Exploring causal hypotheses: breaking with long-standing research traditions



This commentary is on the original article by Faebo Larsen et al. on pages 1016–1022 of this issue.

Faebo Larsen et al.[1] investigate the early life determinants for developmental coordination disorder (DCD) in 7-year-old children, using data from the Danish National Birth Cohort. They explore interesting associations between (amongst others) sex, gestational age, being small for gestational age (SGA), walking attainment, and the outcome variable, DCD, respectively, reaffirming previously established DCD-determinants and adding a new one (SGA) in the process. Their main contributions are the sex-specific associations for SGA.

As such, the authors' approach fits a long-standing research tradition where cautiousness regarding causal inferences prevails and research slowly and carefully progresses in understanding. We would like to take this opportunity to point out some possibilities for formulating and expanding their results using causal graphs, since recent developments in statistical perspectives on causal inference have proven the former credo ‘correlation is not causation’ to be overly restrictive.[2] As researching pointed out previously in DMCN, causal graphs and their theory could also be of great use in the epidemiology of developmental disabilities in children.[3]

Causal graphs and their associated theory have bridged the gap between statistical associations and causal connections mathematically, providing ways to test statistically (parts of) hypothetical causal models using observational data.[4] When done with appropriate caution and obeying model assumptions – albeit no more than should be customary when applying any statistical tool – this can avoid the risk of over-extrapolating the available data.

Respecting constraints imposed by time and logic, the graph in Figure 1 represents one of the plausible causal mechanisms underlying the variables and as such it may form an indispensable addition to the research questions posed by Faebo Larsen et al. The arrows depict hypothesized causal effects between the variables in the model.[4] The causal hypothesis as depicted by this graph could then be evaluated with appropriate statistical tools (e.g. structural equation modelling or even logistic regression). Additionally, focussing on one specific effect, the graph and the associated theory can be used to identify those variables for which conditioning in the analysis is needed in order to obtain unconfounded effect estimates.[2, 4]

Figure 1.

A causal graph depicting one of the plausible causal mechanisms underlying the variables investigated by Faebo Larsen et al.

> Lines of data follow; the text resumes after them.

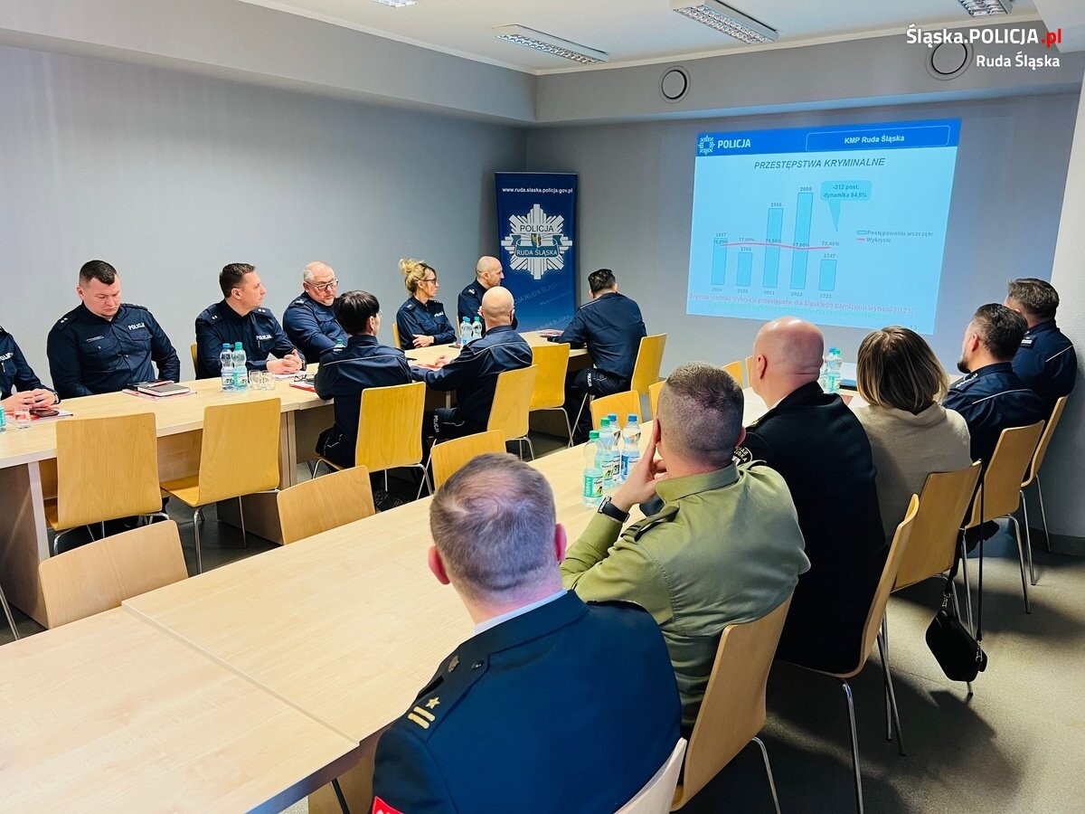W Komendzie Miejskiej Policji w Rudzie Śląskiej odbyła się narada podsumowująca wyniki pracy mundurowych w 2023 roku. W naradzie uczestniczył Prezydent Rudy Śląskiej, Przewodniczący Rady Miejskiej, kierownictwo rudzkiej komendy, komendanci komisariatów, naczelnicy wydziałów oraz zaproszeni goście. Podczas narady omówiono wyniki pracy osiągnięte w minionym roku oraz cele i założenia na rok bieżący.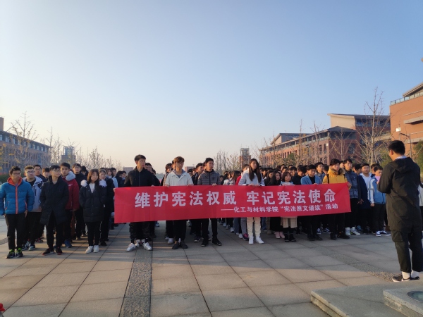 活动中,19化二班团支书李清晨作为领读人,带领全体同学用诵读宪法原文节选内容,“全国各族人民、一切国家机关和武装力量、各政党和各社会团体、各企业事业组织,都必须以宪法为根本的活动准则,并且负有维护宪法尊严、保证宪法实施的职责……”同学们的诵读声慷锵有力、掷地有声。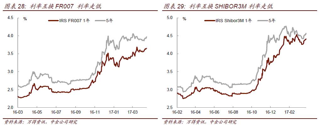 利率互换收益率上行。具体来看,1年与5年利率互换FR007利率分别较两周前分别上行9.7bp与10.2bp至3.65%与3.97%。1年与5年利率互换Shibor3M利率上行15.2bp与13.2bp至4.42%与4.57%。
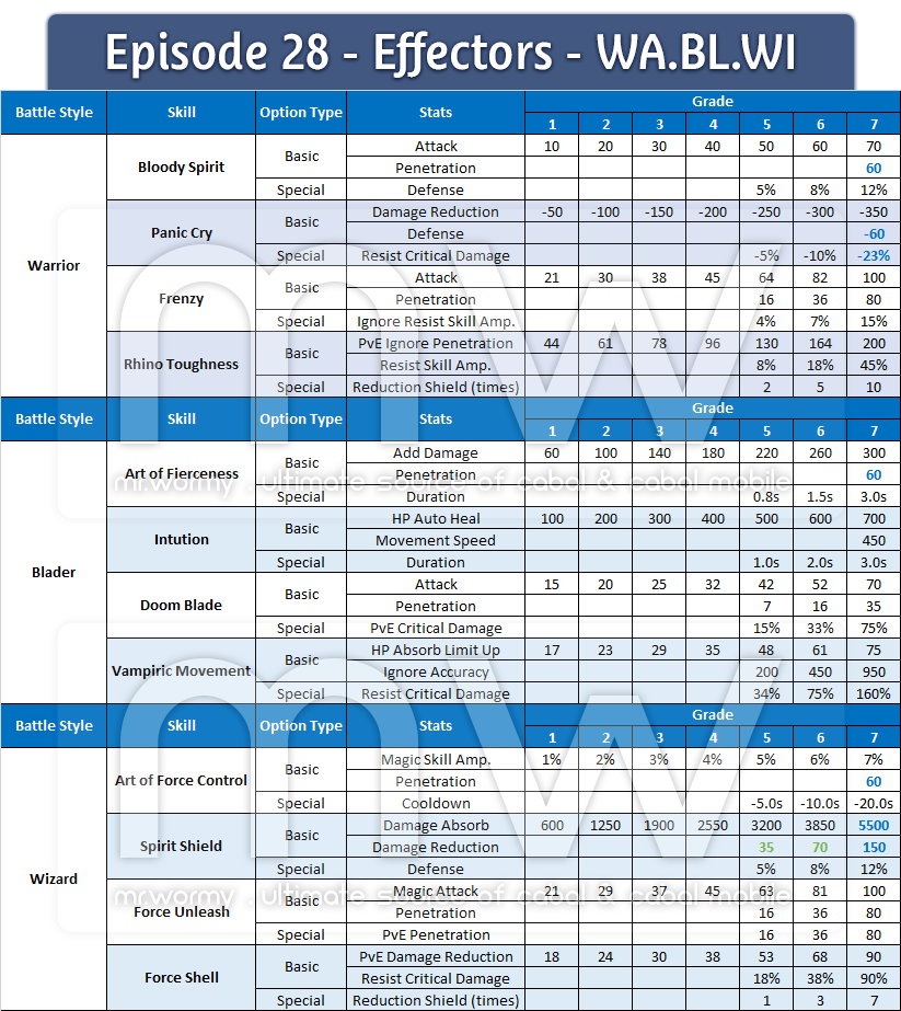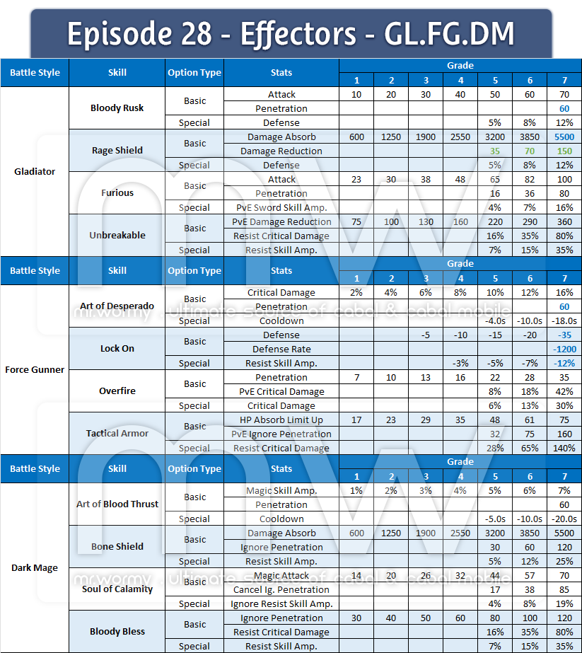 - Updated by 01-Nov-2021: Stats of GL Effector – Rage Shield at Lv7 DMG Reduce is 150 (was 100)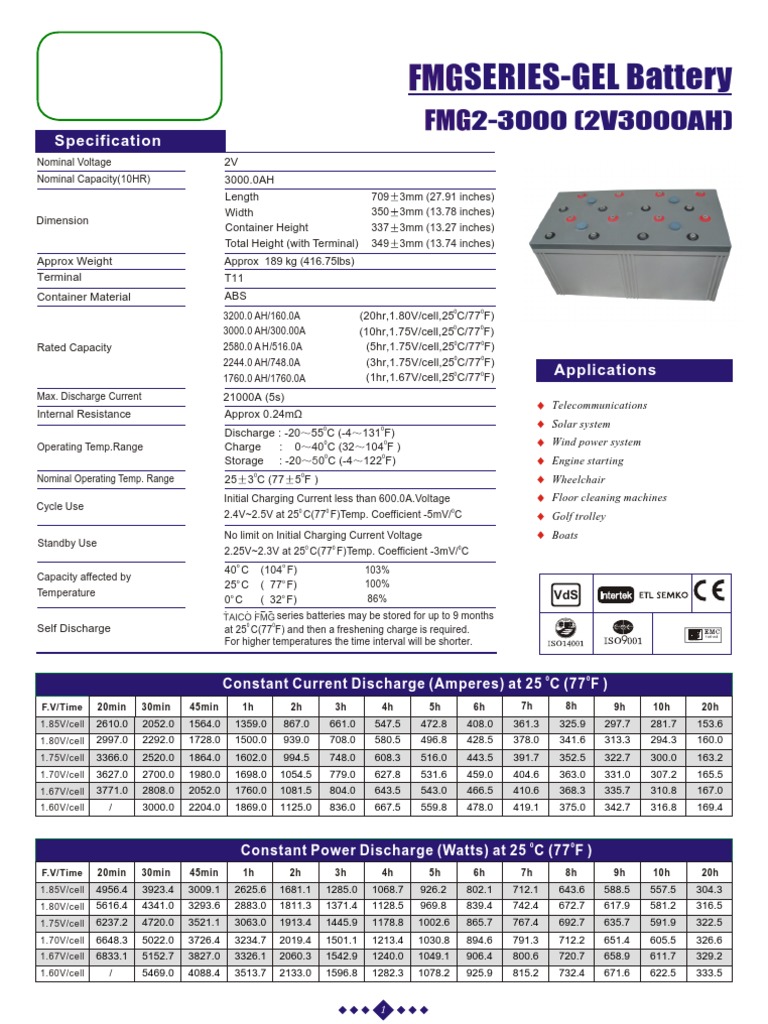 2.4V~2.5V at 25 C(77 F)Temp. Coefficient -5mV/ C

For example, to examine the existence of a direct effect of being SGA on DCD (the dotted arrow in the graph), it can be concluded that conditioning on the variables sex, walking attainment, gestational age, and maternal background variables in the analysis would provide the correct estimate of just that effect. This would be found as the (unreported) regression coefficient of SGA on DCD in the logistic regression model of the second column of Table IV in the Faebo Larsen paper. Similar conclusions could be drawn for other (total, direct, or indirect) effects. If the total effect of being SGA (including the indirect effects on DCD of walking attainment and gestational age) would have been of interest, walking attainment and gestational age should have been left out of the analysis. Conditioning on gestational age, maternal background variables, and sex, but not on walking attainment, would give an estimate of the direct effect of being SGA on DCD and the effect of being SGA through walking attainment on DCD combined (represented by the adjusted odds ratio for being SGA in the second column in Table III). If sex on its own as a determinant would have been of interest, correction for maternal background variables would not have been necessary (assuming they do not affect the sex of the child).

Such an approach, though admittedly bold by breaking with long-standing traditions, could help interpret the observed results. In addition, it could also give rise to the formulation of new research questions to be evaluated in future research, hence contributing to the development of the research field. In our view, these new developments and the possibilities they provide for analysis and interpretation of observational data deserve to be acknowledged and explored. The important and clinically relevant findings of the current study of Faebo Larsen et al. can then be interpreted in a more concise manner.